Anonymous 0 Comments

Radio and light are both electromagnetic radiation. There are some differences due to the different wavelengths but for a lot of things they are very similar.

How does light know where to go? It doesn’t, it goes in all directions. Or if you put a lens/reflector around the bulb you can make a small patch of light.

The radio equivalent is the antenna, some are designed to send Radio signals equally in all directions, some to send a narrow beam in only one direction.

How is data transmitted? By varying the radio signal. The most basic system would be the equivalent of turning a light on and off, the radio version of signal lights on ships.

This turns out to be a very inefficient way to send data. It’s better to use AM modulation (varying the brightness), FM modulation (varying the colour) or a number of other more complicated methods that don’t have easy to explain equivalents.

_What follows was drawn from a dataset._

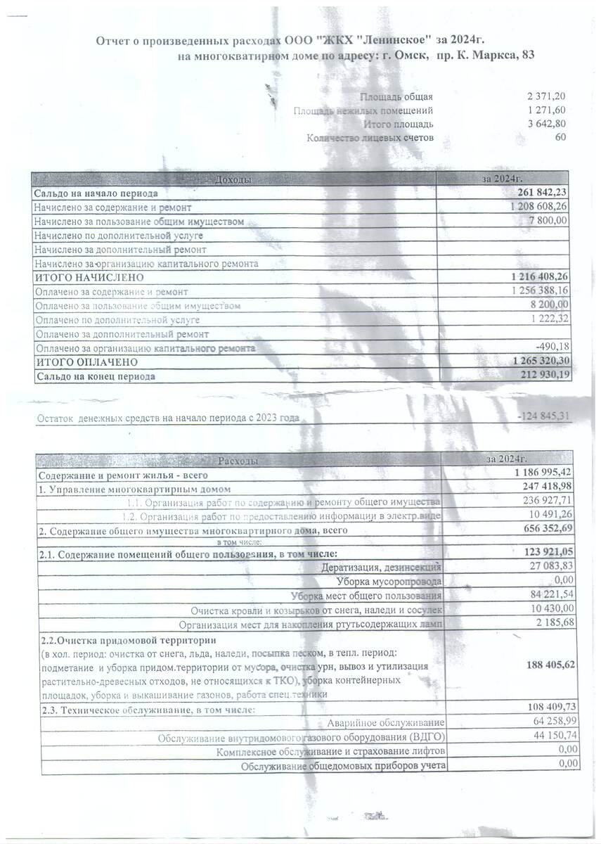 Кто их составлял сам поняли что написали. Первый отчет в этом году нам прислали жители МКД 83 по Маркса И целая куча вопросов: 1. ПОЧЕМУ начислено 1216408,26руб., а оплачено 1256388,16руб.? 2. Что за оплата "за организацию кап.рем" -490,18руб. ??? . 3. Остаток -124845,31руб. тут понятно - должники. 4. Управление МКД 247418,98руб. -УК взяла свои деньги в полном объеме и это при том что на доме должники и в договоре и протоколе нет упоминания о том что УК имеет право перебрасывать денежные средства между статьями расходов. 5. п. 2.3 Те

How do lots of radio signals travel at the same time? This is done in a number of ways. By taking turns and by each transmitter using a different colour light are two common and easy to understand methods. There are again other more complex methods that are also used.

Anonymous 0 Comments

Just like with sound, wireless (or radio) goes in all directions (like a donut). Radio waves are essentially light, but way below what is visible to us.

Note that it is possible to focus or direct radio waves. This was done with the “rake” antennae for old school television, dishes for satellite, and MIMO in WiFi.

Anonymous 0 Comments

Wireless communication almost always uses electromagnetic waves or other electromagnetic phenomena like magnetic fields. Sound is an alternative but quite impractical for most applications.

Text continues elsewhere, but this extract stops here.